One major energy trade group is threatening to sue the government to overturn the rules because it may drive some of its small members out of business.

The independents say the BLM rules effectively make the process for bidding on leases more expensive because of the government’s misunderstanding of orphan wells and how many exist on public lands.

Orphaned wells are abandoned wells for which no owner can be determined.
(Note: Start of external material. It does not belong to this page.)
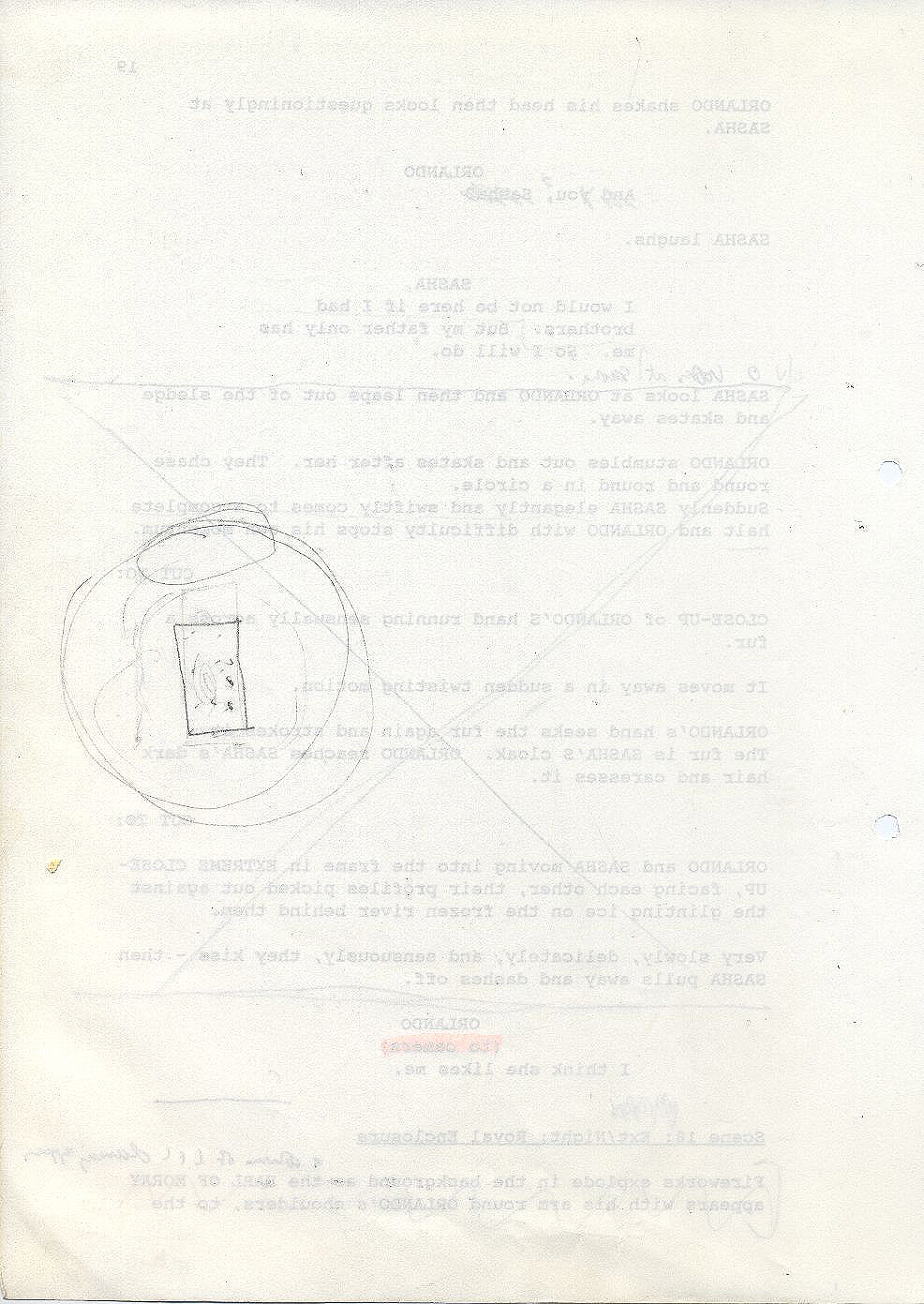 Description Black and white A4 computer printed with handwritten annotations, bound into book, Paper,Orlando Sally Potter’s Shooting Script page 19 back
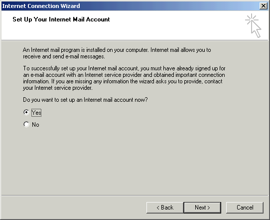 - Click the Yes radio button in the Do you want to set up an

That number is fractional on public lands.

It’s a different story on private lands, where there are substantially more.

“It’s fair to say that this will stifle development across the board,” said Aaron Johnson, a spokesman with the Western Energy Alliance, a Denver-based trade group that represents small energy developers.

“It’s going to be onerous for small operators.”

In a statement, Alliance President Kathleen Sgamma said the BLM rule will drive small producers off public lands.

Priced Out Of Business

The Western Energy Alliance, which represents Wyoming and eight other energy-producing states, plans to litigate this rule.

The group’s big complaint is that these smaller operators may pay higher bonding amounts “beyond what the market will bear,” said Sgamma of the amounts BLM makes companies pay before energy extraction can begin.

A bond is collected from a company wanting to drill so that it can be held financially liable in restoration activities should the company walk away.

Sgamma said that the bonding amounts are excessive when there are just 37 orphan wells out of more than 90,000 wells on all federal lands.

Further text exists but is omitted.